OpenAI did confidentially file their S-1, which costs a ton of money to put together for the bankers and regulators to review. They did test the market and it looks like either the banks or people directly around Altman told him not to move forward. That doesn't mean Zitron was wrong about OpenAI IPOing. They took steps in that direction and then decided not to move forward. That's not his fault.

As far as the bubble bursting soon, we are starting to see some pretty concerning signals. The South Korean stock market triggered trading circuit breakers twice earlier this week to stop a runaway selloff in the tech sector.

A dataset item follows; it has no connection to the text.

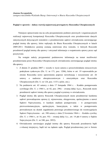 Joanna Szczepańska zastępca naczelnika Wydziału Skarg i Interwencji w Biurze Rzecznika Ubezpieczonych Pogląd w sprawie – dalszy rozwój najnowszej prerogatywy Rzecznika Ubezpieczonych Niniejsze opracowanie ma na celu przypomnienie podstaw prawnych i organizacyjnych realizacji najnowszej kompetencji Rzecznika Ubezpieczonych oraz przedstawienie danych statystycznych dotyczących wniosków o przedstawienie sądowi oświadczenia zawierającego pogląd istotny dla sprawy, które wpłynęły do Biura Rzecznika Ubezpieczonych w latach 2009-2011. Dodatkowo poniżej zostaną omówione dwa wnioski, w których Rzecznik przedstawił pogląd istotny dla sprawy i otrzymał informacje o rozpatrzeniu sprawy przez sąd pozytywnie. Na wstępie należy przypomnieć podstawowe informacja na temat możliwości przedstawiania przez Rzecznika Ubezpieczonych oświadczenia zawierającego pogląd istotny dla sprawy. 1. Z dniem 21 grudnia 2007 r. weszła w życie ustawa o przeciwdziałaniu nieuczciwym praktykom rynkowym (Dz. U. nr 171, poz. 1206), która w art. 19 wprowadziła po stronie Rzecznika nowe uprawnienia poprzez nowelizację i rozszerzenie art. 26 ustawy o nadzorze ubezpieczeniowym i emerytalnym oraz Rzeczniku Ubezpieczonych (Dz. U. nr 124, poz. 1153 z późn. zm.). 2. Na podstawie art. 63 ustawy z dnia 17 listopada 1964 r. – Kodeks postępowania cywilnego (Dz. U. z 1964 r., nr 42, poz. 296) – zwanej dalej: k.p.c., Rzecznik może przedstawić sądowi istotny dla sprawy pogląd wyrażony w oświadczeniu. 3. Pogląd istotny dla sprawy Rzecznik Ubezpieczonych może przedstawiać każdemu sądowi prowadzącemu sprawę tj. rejonowemu, okręgowemu, apelacyjnemu a nawet Sądowi Najwyższemu, w każdym stadium postępowania – w postępowaniu pierwszoinstancyjnym, apelacyjnym, kasacyjnym, a także w postępowaniu prowadzonym na skutek zagadnienia prawnego przedstawionego do rozstrzygnięcia Sądowi Najwyższemu – art. 390 ustawy z dnia 23 kwietnia 1964 r. – Kodeks cywilny (Dz. U. z 1964 r., nr 16, poz. 93) – zwanej dalej: k.c., art. 14 pkt 4 ustawy o Sądzie Najwyższym (Dz. U. nr 240, poz. 2052). 4. Oświadczenie zawierające pogląd istotny dla sprawy Rzecznik przedstawia bądź z własnej inicjatywy, bądź też na żądanie sądu. Pogląd przedstawiany jest w formie 1 pisemnej. W razie potrzeby złożenia dodatkowych wyjaśnień, Rzecznik może udzielić ich z własnej inicjatywy, jak również na żądanie sądu. Powinny być one udzielone przez Rzecznika również w formie pisemnej lub na żądanie sądu ustnie na posiedzeniu przez osobę upoważnioną do działania w imieniu Rzecznika Ubezpieczonych. 5. W celu otrzymania oświadczania Rzecznika Ubezpieczonych zawierającego istotny pogląd dla sprawy osoba skarżąca może postąpić w dwojaki sposób: w żądaniach pozwu należy powołując się na art. 26 ust. 7 ustawy z dnia 22 maja 2003 r. o nadzorze ubezpieczeniowym i emerytalnym oraz Rzeczniku Ubezpieczonych w związku z art. 63 k.p.c. zgłosić sądowi wniosek o wezwanie Rzecznika Ubezpieczonych do przedstawienia pisemnego poglądu istotnego dla sprawy. Prawdopodobnie sąd przychylając się do takiego wniosku wystąpi bezpośrednio do Rzecznika o przedstawienie poglądu w sprawie. Z takim wnioskiem może powód wystąpić także w kolejnym piśmie procesowym lub zgłosić taki wniosek podczas rozprawy ustnie do protokołu; wystąpić z wnioskiem bezpośrednio do Rzecznika Ubezpieczonych o przedstawienie sądowi poglądu w sprawie, gdyż skierowano pozew do sądu wobec zakładu ubezpieczeń. Do wniosku kierowanego do Rzecznika należy dołączyć kopię pozwu i jeżeli jest to możliwe kopię odpowiedzi ubezpieczyciela na pozew. W tym przypadku Rzecznik przekaże przygotowany przez siebie pogląd na piśmie kierując go do sądu rozpatrującego sprawę i do wiadomości powoda, ale tylko w sytuacji, gdy uzna, że jego treść mogłaby okazać się dla niego korzystna. 6. Przedstawienie sądowi poglądu istotnego dla sprawy wyrażonego w oświadczeniu, jest uprawnieniem Rzecznika Ubezpieczonych, a zatem ma charakter fakultatywny. Wnioski o przedstawienie poglądu istotnego dla sprawy otrzymane w latach 2009-2011 Poniżej przedstawiono dane statystyczne na temat otrzymanych przez Rzecznika Ubezpieczonych wniosków o przedstawienie oświadczenia zawierającego pogląd istotny dla sprawy w latach 2009-2011. W omawianym okresie do Biura Rzecznika Ubezpieczonych wpłynęło łącznie 60 wniosków o przedstawienie sądowi poglądu istotnego dla sprawy na podstawie art. 63 k.p.c. (Tabela nr 1 i Wykres do tab. nr 1). W odniesieniu do 40 spraw wniosek wpłynął bezpośrednio od powodów, a w 12 przypadkach został przekazany za pośrednictwem 2 pełnomocników. W 8 sprawach o przedstawienie poglądu zwrócił się do Rzecznika Ubezpieczonych bezpośrednio sąd rozpatrujący daną sprawę. Tabela nr 1. Liczba wniosków o przedstawienie przez Rzecznika Ubezpieczonych oświadczenia zawierającego pogląd istotny dla sprawy w latach 2009-2011 Lp. Rok Liczba wniosków 1. 2009 16 2. 2010 11 3. 2011 33 4. Ogółem 60 Źródło: sprawozdanie Rzecznika Ubezpieczonych za 2011 r.; http://www.rzu.gov.pl/files/20735__5267__Sprawozdanie_Rzecznika_Ubezpieczonych_za_rok_2011.pdf Wykres do tab. nr 1 Liczba wniosków o przedstawienie przez Rzecznika Ubezpieczonych oświadczenia zawierającego pogląd istotny dla sprawy w latach 2009 - 2011 35 30 25 20 15 10 5 0 2009 r. 2010 r. 2011 r. Źródło: sprawozdanie Rzecznika Ubezpieczonych za 2011 r.; http://www.rzu.gov.pl/files/20735__5267__Sprawozdanie_Rzecznika_Ubezpieczonych_za_rok_2011.pdf 3 Otrzymane wnioski o przedstawienie sądowi poglądu istotnego dla sprawy w 28 przypadkach były kontynuacją postępowań skargowych prowadzonych przez Wydział Skarg i Interwencji Biura Rzecznika Ubezpieczonych. W sprawach gdzie istnieje duże prawdopodobieństwo uzyskania korzystnego dla konsumenta rozstrzygnięcia w sprawie, Rzecznik Ubezpieczonych kończąc postępowani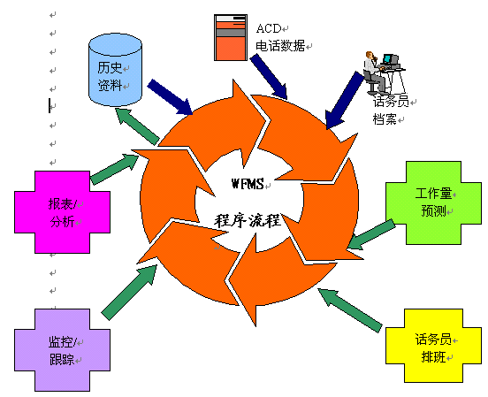 如上面所描述的WFMS流程,最初開始于歷史的電話信息、目前的ACD數(shù)據(jù)和服務(wù)代表的簡介。從這些綜合的信息,做出對工作量的預(yù)測,從而從本質(zhì)上決定了配備給呼叫中心的服務(wù)代表數(shù)量。了解了服務(wù)代表的需求數(shù)量,一個適用于任何時間段的工作時間表就可以產(chǎn)生了,包括每天的,每周的,每月的;谶@一點(diǎn),主管人就可以監(jiān)控服務(wù)代表的行為,追蹤來電,并分析不同種類的來電分組,做出應(yīng)對假定情景的方案,從而產(chǎn)生各種各樣的報(bào)告和圖表。

For reference, circuit breakers have only been triggered in the Korean market 10 times in history, and only 5 times ever in the US markets.

https://finance.yahoo.com/markets/world-indices/articles/kos...

  • FWIW I think there's a "Y2K never happened" future here, where the bubble never bursts (in the sense of some insane market valuation proving to be lunatic) but everyone does what they can to make sure it doesn't burst on them, and they pull back and the bubble just deflates.

    Take for example the action on SPACs that made the "SPAC everything" era end.

    • Not popping doesn't seem possible to me, since all investment has been directed towards it, massive construction projects have been started, etc... The revenue needed to keep OpenAI and Anthropic afloat is insane and there's no way businesses are going to start paying the real price when there's no ROI compared to human expertise.

      AGI is fundamentally impossible through data scaling like they tried to claim and achieving AGI is what all this depends on. The long tail problem will remain undefeated and the IPOs are a desperate move to get the cash needed to scale one last time.

      They could have just kept improving the technology without all the psychosis and finding use cases and ways to make it more reliable but instead they bet everything on a language model becoming their slave god.

      Slowly deflating would be nice, but I don't see how. In any case the economy is getting wrecked and any goodwill tech companies had with employees is gone after going completely adversarial towards them as soon as they had an opportunity to. The most profitable use case of gen-AI is still spams and scams.

    • I'm also feeling like that, not a quick burst like dot-com but a deflating bubble over next 24 months. During which AI costs rise and IPO valuation comes down.

      Maybe my memory of dot-com is fuzzy (likely) and perhaps I didn't see early warning (or even didn't know how to see it). I feel like it all transpired over 3 months. And for those of us in Seattle the "death-knell" was the Nisqually quake that made much of Pioneer Square unsafe to occupy for a while.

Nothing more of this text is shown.